> Supplied data:
▽
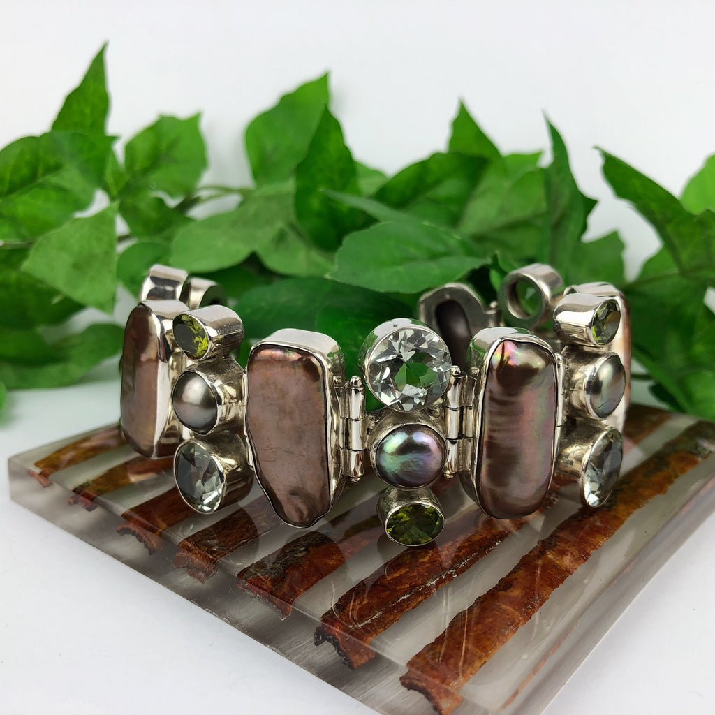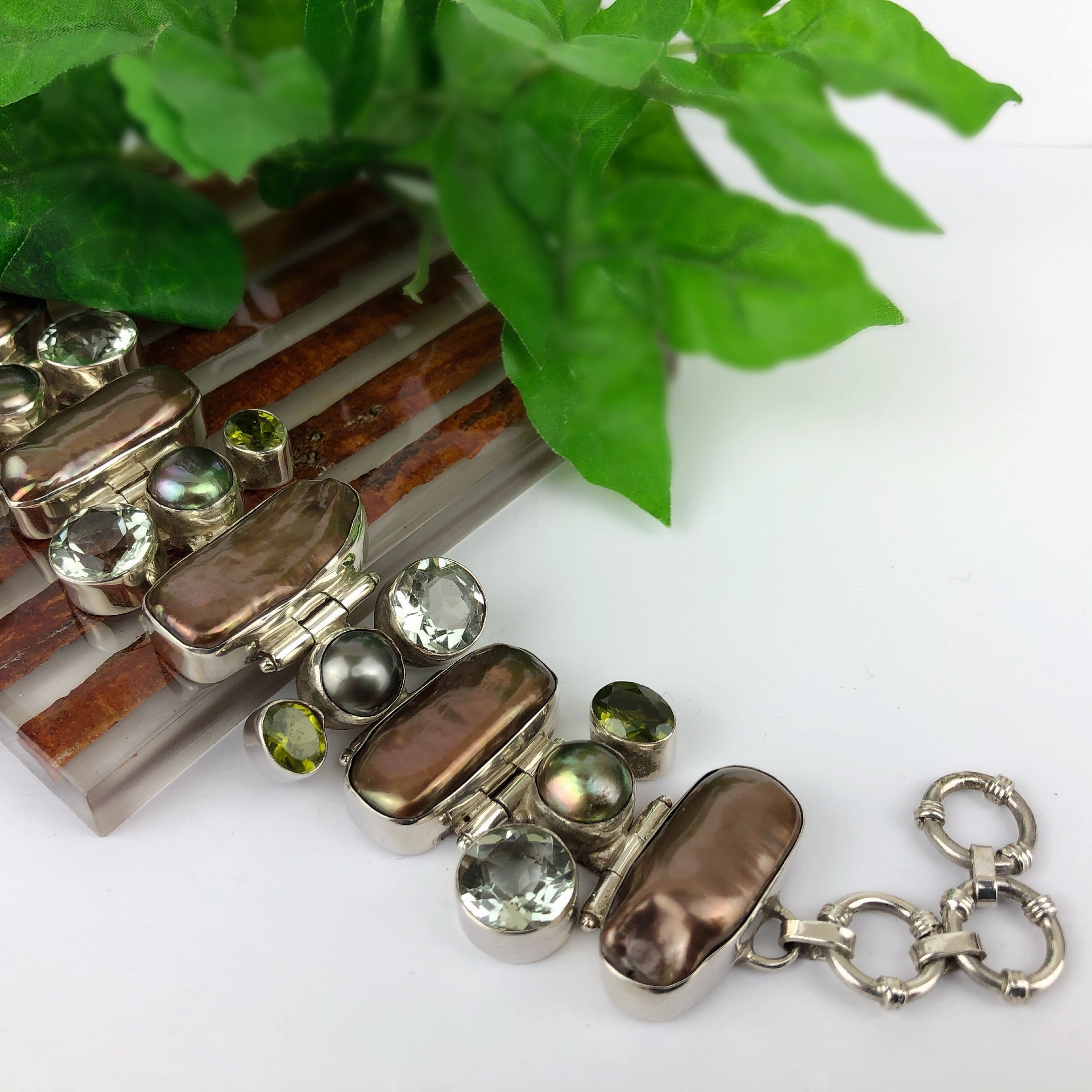 Luxurious bronze toned Biwa Pearls drape elegantly around the wrist in this striking One of a kind Silver and stone bracelet. Interspersed with faceted Green Amethysts, Peridot stones and petrol grey Freshwater Pearls this handmade bracelet design is a head turner.
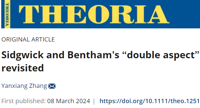 国际人文顶尖期刊Theoria(《沉思》)于2024年3月8日在线刊发了文法学院张延祥副教授独立撰写的长篇研究论文:SidgwickandBentham’s‘DoubleAspect’ofUtilitarianismRevisited(论边沁《宪法典》的人性论基础)。Theoria创刊于1935年,一直是众多世界著名思想家研究成果的刊发平台,在人文研究领域享有崇高声誉,被国际人文研究领域的各个权威期刊目录收录,其中包括两大人文权威期刊索引目录A&HCI(艺术与人文索引目录)和S...
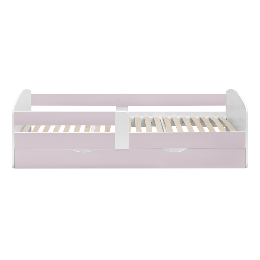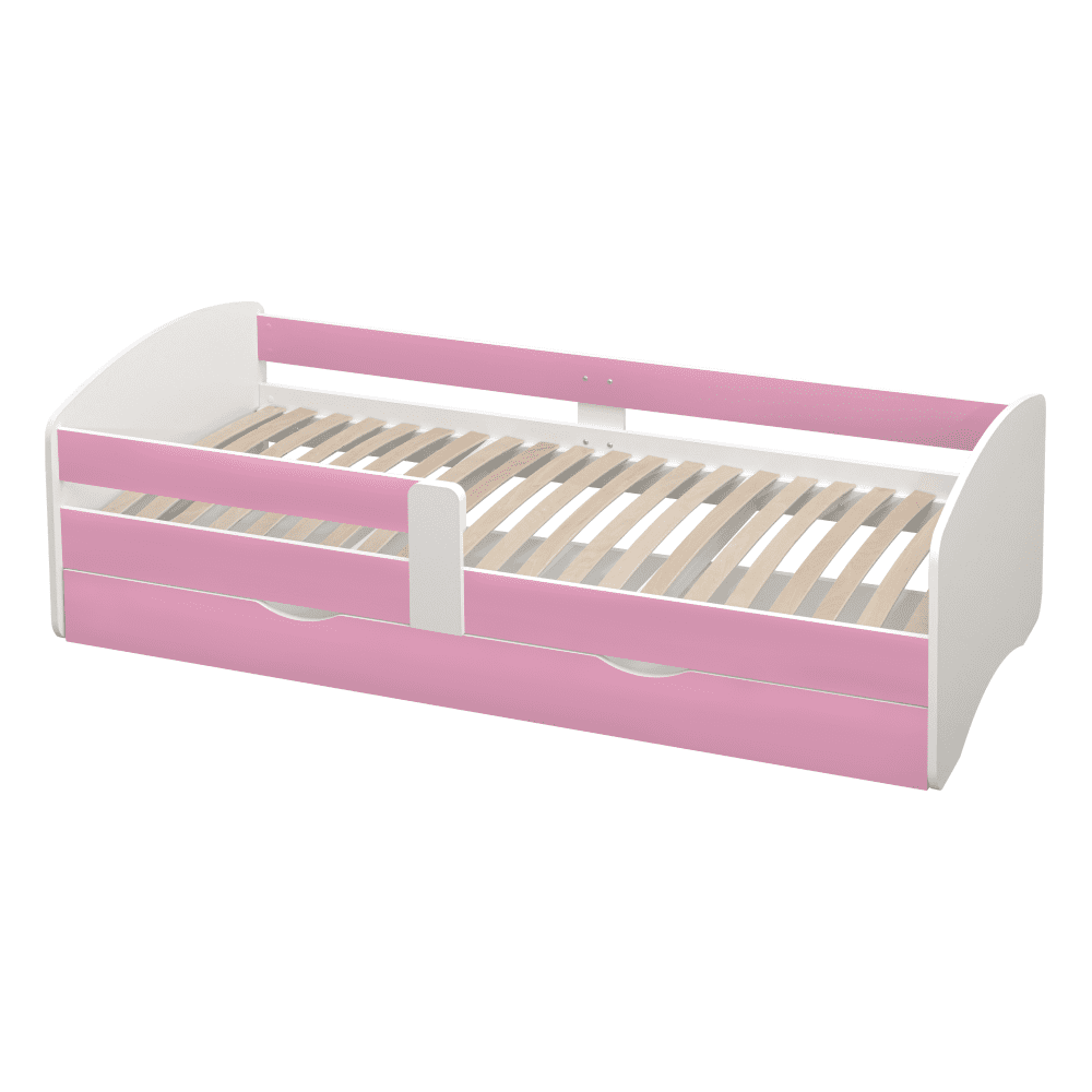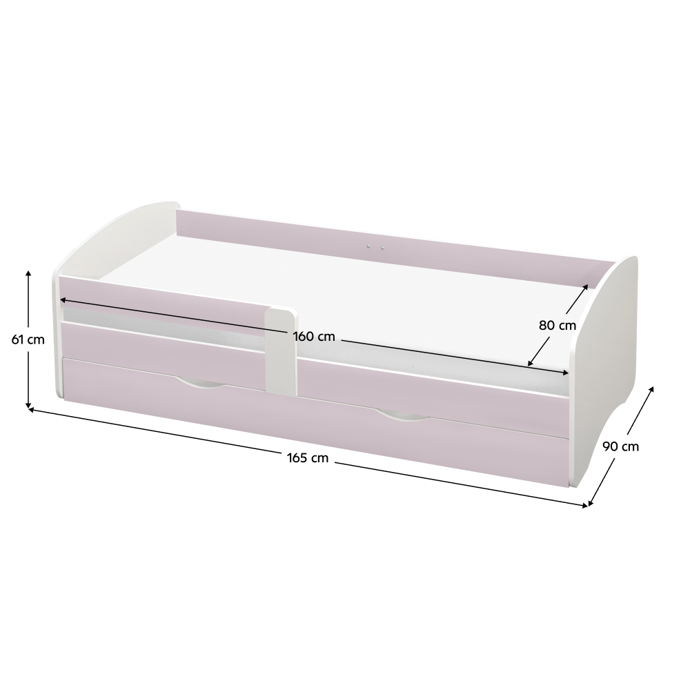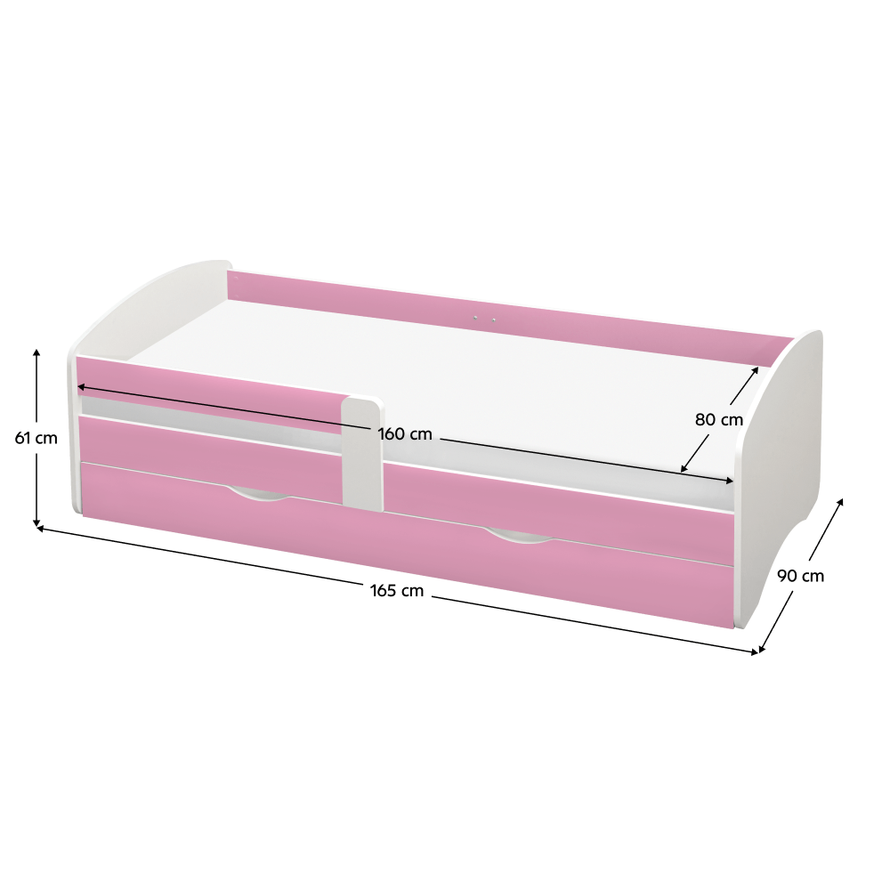 Materiál: laminovaná DTDFarba: biela/ružováRozmery (ŠxHxV): 165x90x61 cmRozmery spania (ŠxD): 80x160 cmHrúbka materiálu: 1,8 cmMožnosť namontovať zábranu na ľavú alebo pravú stranuModerná a praktickáS úložným priestoromÚložný priestor na kolieskachDva šuplíkyHmotnosť: 47 kgNosnosť: 60 kgDodávaná s lamelovým roštomDodávaná bez matracaDodávaná v demonte
△
> Activity: Copy the listing exactly. Any image in it stays out of the copy.

> Output of the task:
 Luxurious bronze toned Biwa Pearls drape elegantly around the wrist in this striking One of a kind Silver and stone bracelet. Interspersed with faceted Green Amethysts, Peridot stones and petrol grey Freshwater Pearls this handmade bracelet design is a head turner.
 国际人文顶尖期刊Theoria(《沉思》)于2024年3月8日在线刊发了文法学院张延祥副教授独立撰写的长篇研究论文:SidgwickandBentham’s‘DoubleAspect’ofUtilitarianismRevisited(论边沁《宪法典》的人性论基础)。Theoria创刊于1935年,一直是众多世界著名思想家研究成果的刊发平台,在人文研究领域享有崇高声誉,被国际人文研究领域的各个权威期刊目录收录,其中包括两大人文权威期刊索引目录A&HCI(艺术与人文索引目录)和S...
 Materiál: laminovaná DTDFarba: biela/ružováRozmery (ŠxHxV): 165x90x61 cmRozmery spania (ŠxD): 80x160 cmHrúbka materiálu: 1,8 cmMožnosť namontovať zábranu na ľavú alebo pravú stranuModerná a praktickáS úložným priestoromÚložný priestor na kolieskachDva šuplíkyHmotnosť: 47 kgNosnosť: 60 kgDodávaná s lamelovým roštomDodávaná bez matracaDodávaná v demonte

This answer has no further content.